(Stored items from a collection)
____
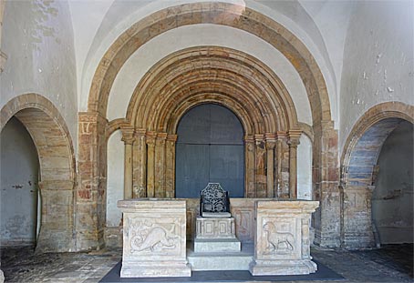 Der "Kaiserstuhl" mit seinen reich geschmückten Sandsteinschranken, Thronsessel der Kaiser und Könige,
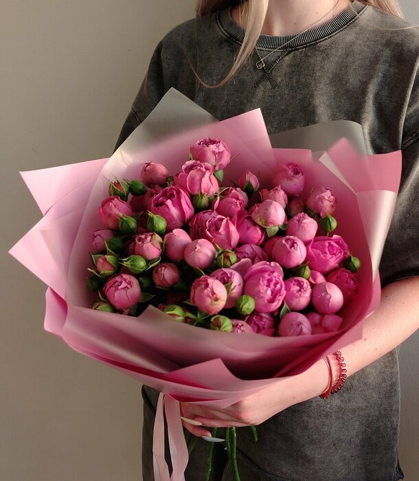 В реальности букет выглядит намного скромнее чем на фото. Размер бутонов с большой палец.
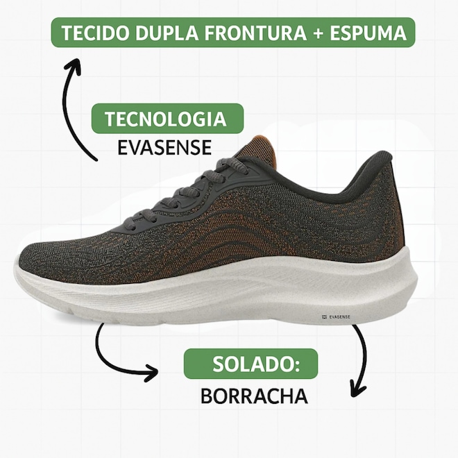 -Evasense: Tecnologia de amortecimento que proporciona leveza e maior responsividade para as atividades diárias.
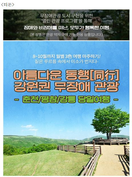 이번 상품은 「강원도 무장애 관광도시 조성사업」의 일환으로 추진하는 것으로, 지난 8월에는 춘천의 남이섬과 애니메이션 박물관, 9월에는 평창의 삼양목장과 월정사 코스로 운영하였고 10월부터는 강릉의 정동진, 아쿠아리움, 안목해변 코스를 운영·판매하고 있으며 10월 강릉 상품은 구매자들의 반응이 좋아 11월까지 연장할 예정이다. 12월에는 식도락 여행의 성지인 속초의 대포항, 워터피아 코스를 운영할 예정이여서 연말에는 최종 상품 이용객이 1,000여명을 돌파할 것으로 예상된다.
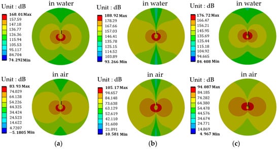 Table 5 indicates the vibration response displacement and radiated noise analysis results at the rated output power. It is confirmed that the URN in water is higher than in air. The contour of vibration response displacement and radiated noise are presented in Figure 13 and Figure 14. For radiated noise analysis, the fluid boundary region for the sound field is built expecting the modeled podded propulsor. The analysis results of Model B show that the vibration response displacement is the highest value, and thus its radiated noise calculated at 1 m distance is also higher than those of the other models. This is because the 1st natural frequency of Model B (indicated in Table 4) is close to its pole-passing frequency, which means it is near the resonance point.
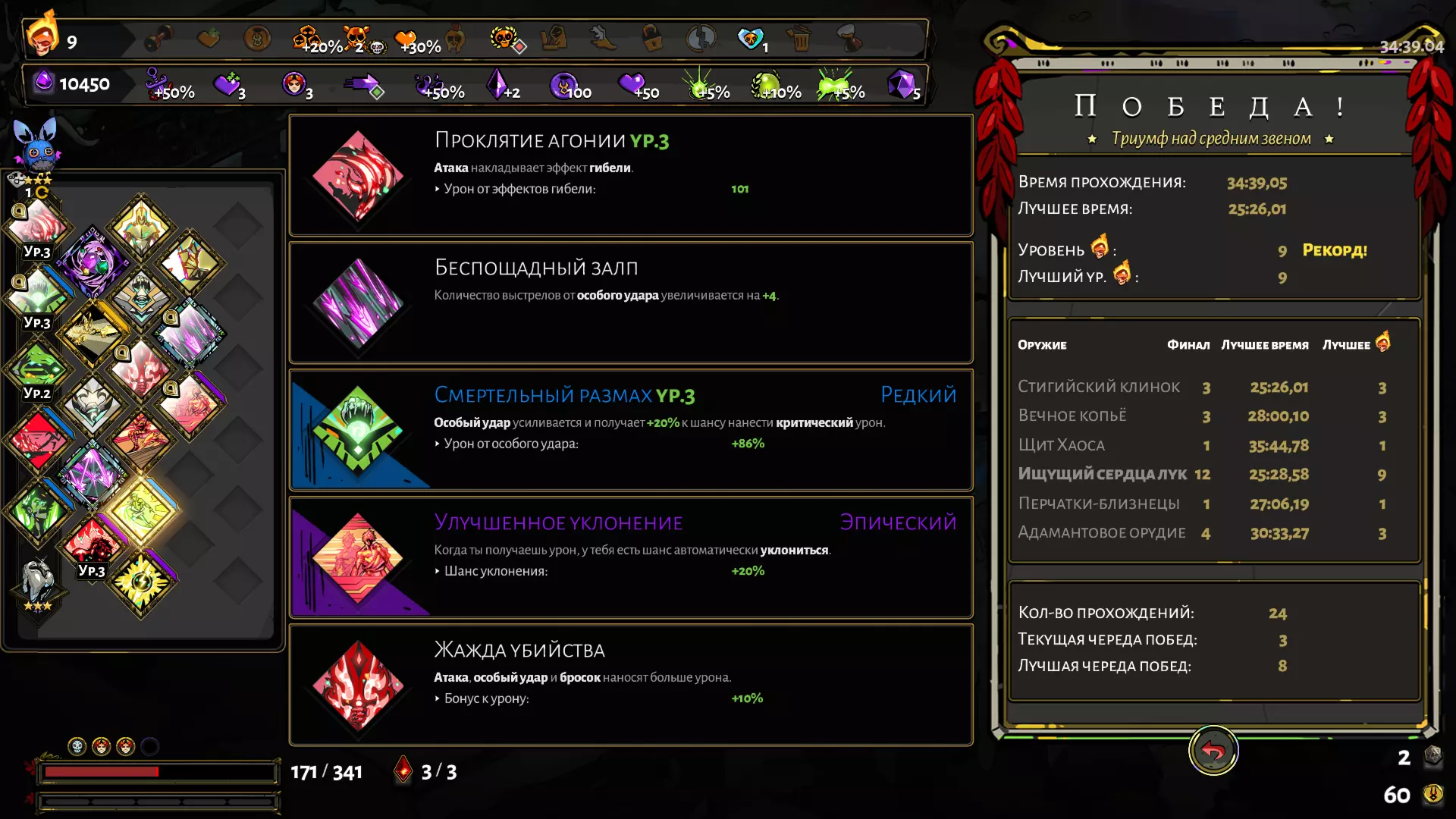 总体来说,通用建议是尽量提高特殊攻击的伤害——比如【诸神之镜】中的【神明宠儿】、阿瑞斯的【杀戮渴望】等。赫尔墨斯的恩赐也很有用,尤其是那些能提升特殊攻击的施展速度和冲刺效果的恩赐,而且他的恩赐普遍都不错,这也是他的优点所在。关于冲刺、冥府伙伴和饰品选择 在准备房间中,佩戴你为特殊攻击所选神明(狄俄尼索斯、阿耳忒弥斯或得墨忒耳)的饰品——这样就能在塔尔塔罗斯获得特殊攻击。少数情况下可能会失败,无法获得所需的强化——此时需随机应变(可以选择该神明的任意强化并稍后再获取,或者先拿现有的强化,之后再出售)。原则上,不升级特殊攻击也能通过塔尔塔洛斯,尤其是如果运气好拿到了【代达罗斯之锤】,并且获得了额外的4支箭。 在进入阿斯福德斯之前,装备上阿瑞斯的信物。进入极乐境之前,如果你已经收集到了所有必要的东西,可以选择雅典娜的冲刺,或者刻耳柏洛斯的项圈来增加生命值。最后,在进入冥河神殿之前,将信物换成斯基拉之牙。来自冥府卫星的伙伴——你可以根据喜好选择任意一位,我个人偏爱墨纪拉的伙伴。虽然需要近距离使用,但她的【狂怒冲击】能造成2500点伤害,在对抗冥河神殿里那些烦人的小Boss时非常有帮助,建议你留着能量到那里再用。 我建议只在 Tartarus 和 Asphodel 区域召唤混沌。到了 Elysium 就最好别这么做了,尤其是在地狱热度较高的时候,特别是如果你已经获得了混沌对特殊攻击的伤害加成。对于一些速度过快但实力较弱的敌人,最好使用无瞄准的箭雨连射,再配合冲刺和召唤造成的伤害来解决。最后,附上使用这套构筑进行一次游戏的结果作为参考:
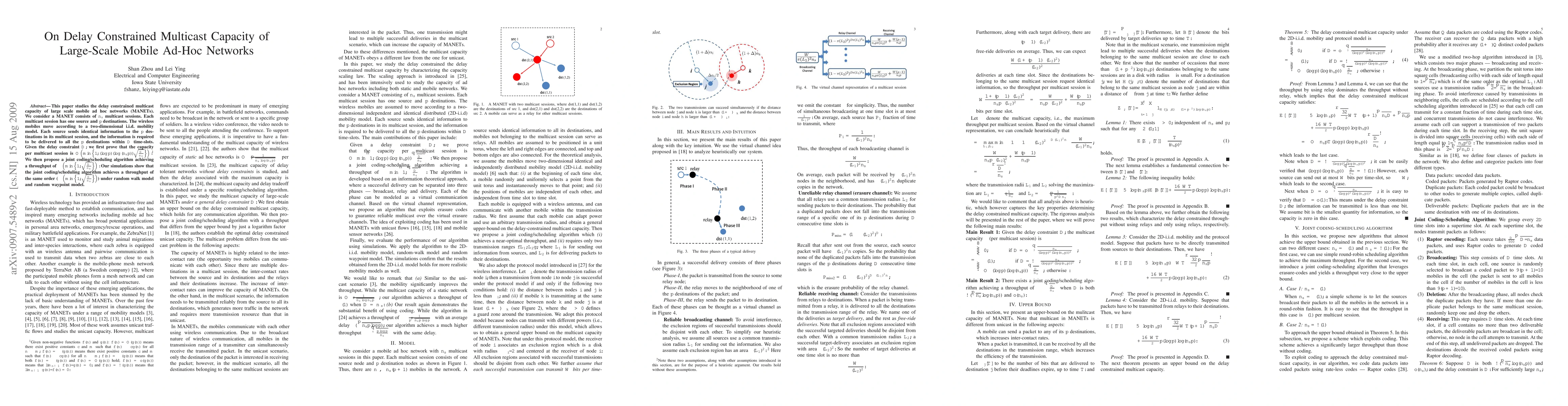 This paper studies the delay constrained multicast capacity of large scale mobile ad hoc networks (MANETs). We consider a MANET consists of $n_s$ multicast sessions. Each multicast session has one source and $p$ destinations. The wireless mobiles move according to a two-dimensional i.i.d. mobility model. Each source sends identical information to the $p$ destinations in its multicast session, and the information is required to be delivered to all the $p$ destinations within $D$ time-slots. Given the delay constraint $D,$ we first prove that the capacity per multicast session is $O(\min\{1, (\log p)(\log (n_sp)) \sqrt{\frac{D}{n_s}}\}).$ Given non-negative functions $f(n)$ and $g(n)$: $f(n)=O(g(n))$ means there exist positive constants $c$ and $m$ such that $f(n) \leq cg(n)$ for all $ n\geq m;$ $f(n)=\Omega(g(n))$ means there exist positive constants $c$ and $m$ such that $f(n)\geq cg(n)$ for all $n\geq m;$ $f(n)=\Theta(g(n))$ means that both $f(n)=\Omega(g(n))$ and $f(n)=O(g(n))$ hold; $f(n)=o(g(n))$ means that $\lim_{n\to \infty} f(n)/g(n)=0;$ and $f(n)=\omega(g(n))$ means that $\lim_{n\to \infty} g(n)/f(n)=0.$ We then propose a joint coding/scheduling algorithm achieving a throughput of $\Theta(\min\{1,\sqrt{\frac{D}{n_s}}\}).$ Our simulations show that the joint coding/scheduling algorithm achieves a throughput of the same order ($\Theta(\min\{1, \sqrt{\frac{D}{n_s}}\})$) under random walk model and random waypoint model.
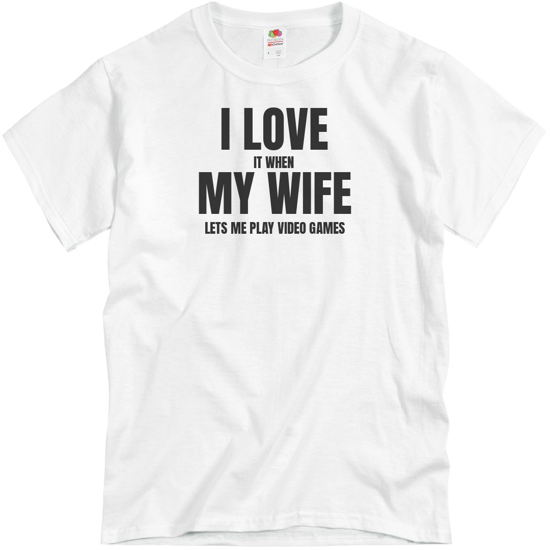 I love my wife! Wait no.. look again. OHH that makes more sense! I love it when my wife lets me play video games. HA! Get dad a funny fathers day gift with this I love my wife t-shirt. Mom and dad will both get a kick out of this one.
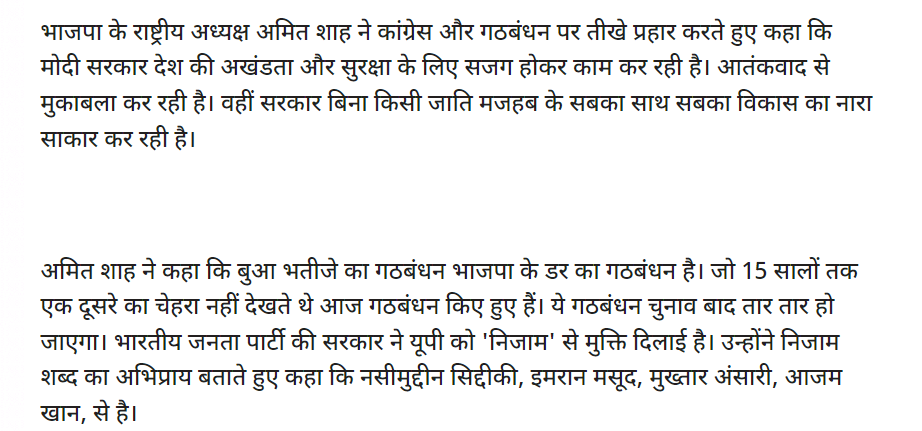 वायरल वीडियो 57 सेकेंड का है. इस वीडियो में अमित शाह यह कहते हुए नज़र आ रहे हैं कि, “सबसे बड़ा काम हमने किया है कि हमने निजाम से मुक्ति दिलाई है”. आगे अमित शाह कहते हैं, “निजाम(NIZAAM) में N से मतलब नसीमुद्दीन सिद्दीकी से मुक्ति भारतीय जनता पार्टी ने दिलाई. I से मतलब इमरान मसूद से मुक्ति भारतीय जनता पार्टी ने दिलाई. आजम खान से मुक्ति भारतीय जनता पार्टी ने दिलाई. अतीक अहमद से मुक्ति भारतीय जनता पार्टी ने दिलाई और मुख्तार अंसारी से मुक्ति भी भारतीय जनता पार्टी ने दिलाई है. अगर सपा-बसपा गठबंधन आया तो यूपी में फिर से (NIZAAM) का शासन आ जाएगा”.
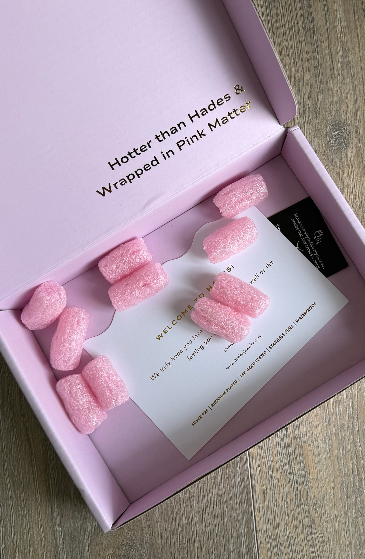 "Your order is here, hotter than Hades and wrapped in pink matter."
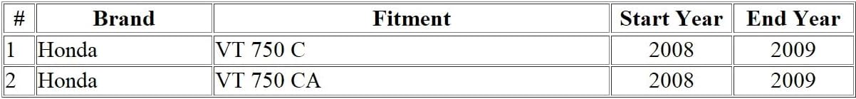 Please verify your motorcycle's make, model, and year against this list to ensure proper fitment. Refer to the fitment table image below for visual confirmation.
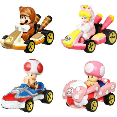 Includes: 4 x 1:64 scale Hot Wheels Mario Kart vehicles. Tanooki Mario, Cat Peach, Toad & Toadette.
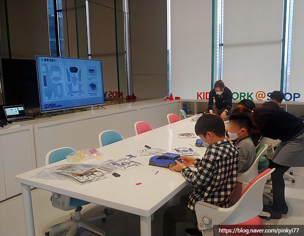 초등학교 1학년 때 1년에 꼭 한번은 갔던 ‘현대 모터스튜디오 고양’! 이사간 곳에서 매우 가까운 관계로 인테리어 시간이 얼마나 됐는지 보러 간 김에 들렀다. 레고코딩 프로그램도 있었는데 내용을 보니 아이들에게는 너무 쉬운 것 같아 고학년 프로그램인 넥소 자율주행차 만들기 프로그램을 미리 예약해 놓고 조금 일찍 도착했다.
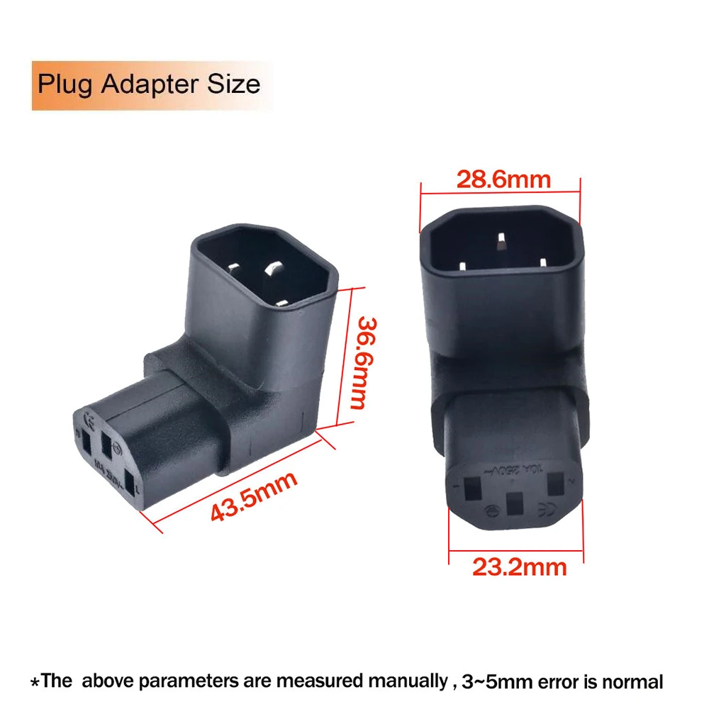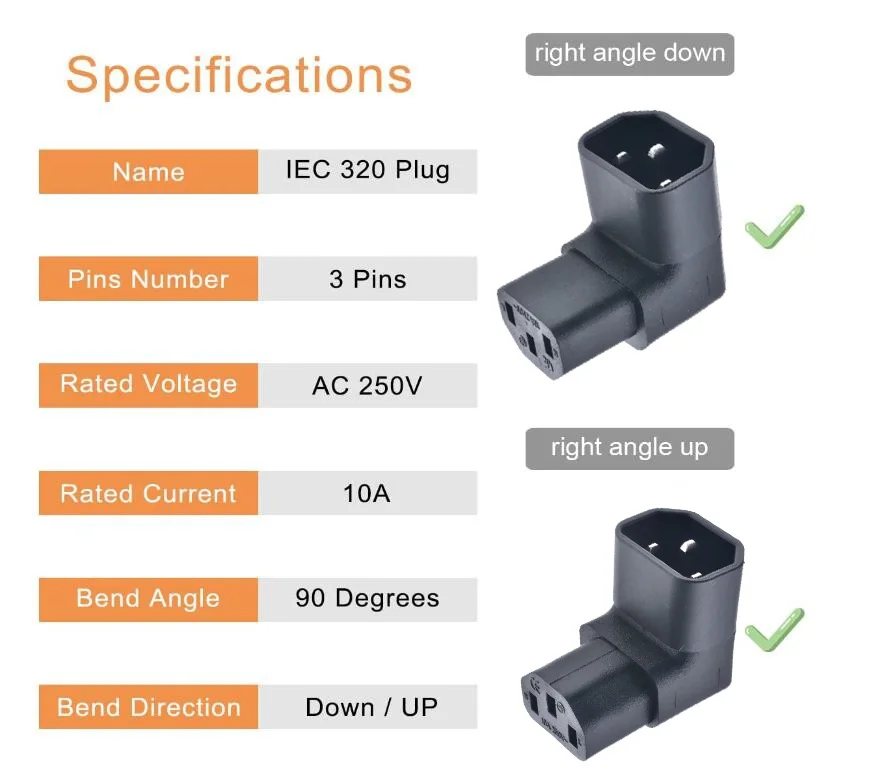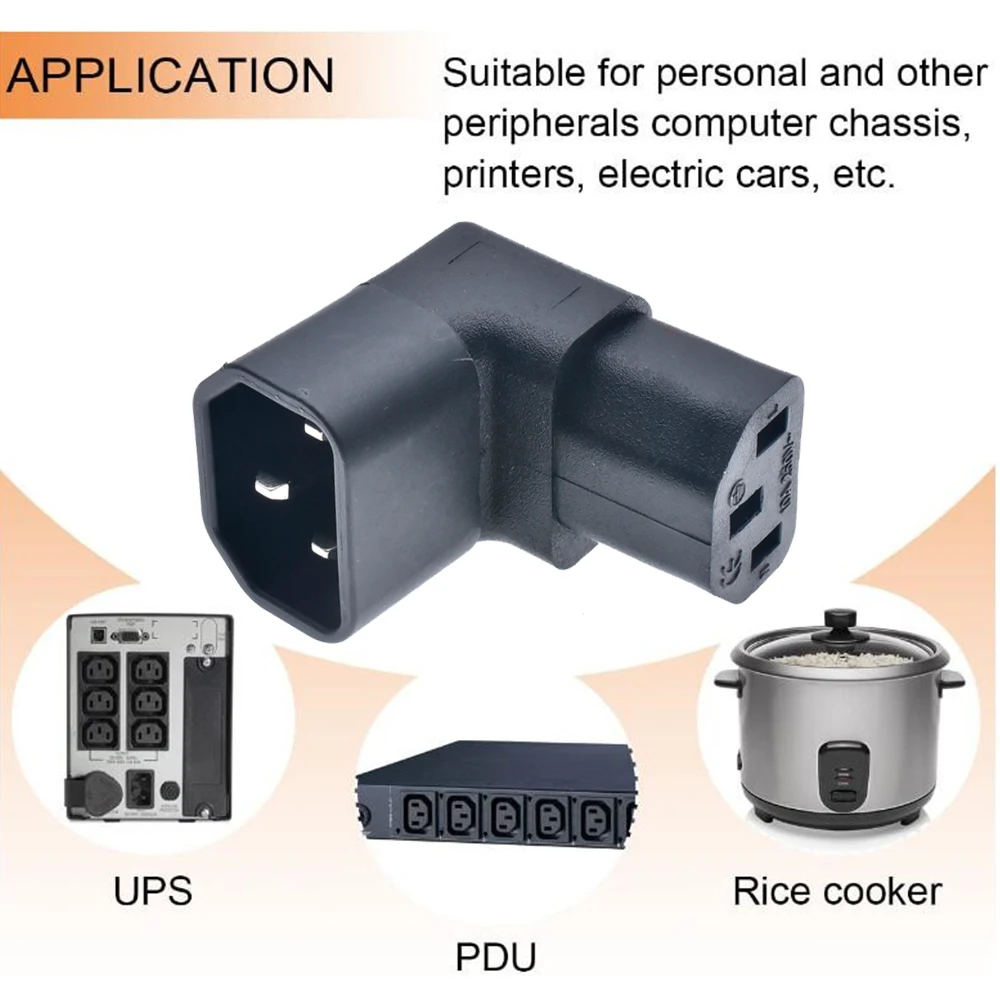 Comprar Adaptador de extensión de corriente IEC macho C14 a C13 hembra, 90 grados hacia arriba, ángulo recto, para PDU y UPS, 3 pines, 250V, 10A, conector IEC320
____
§ **What the task requires**:
Line for line, output the entries above from the line with "В реальности букет" to the line with "-Evasense: Tecnologia de", both included, and nothing more. Skip pictures.

§ **Result of the task**:
 В реальности букет выглядит намного скромнее чем на фото. Размер бутонов с большой палец.
 -Evasense: Tecnologia de amortecimento que proporciona leveza e maior responsividade para as atividades diárias.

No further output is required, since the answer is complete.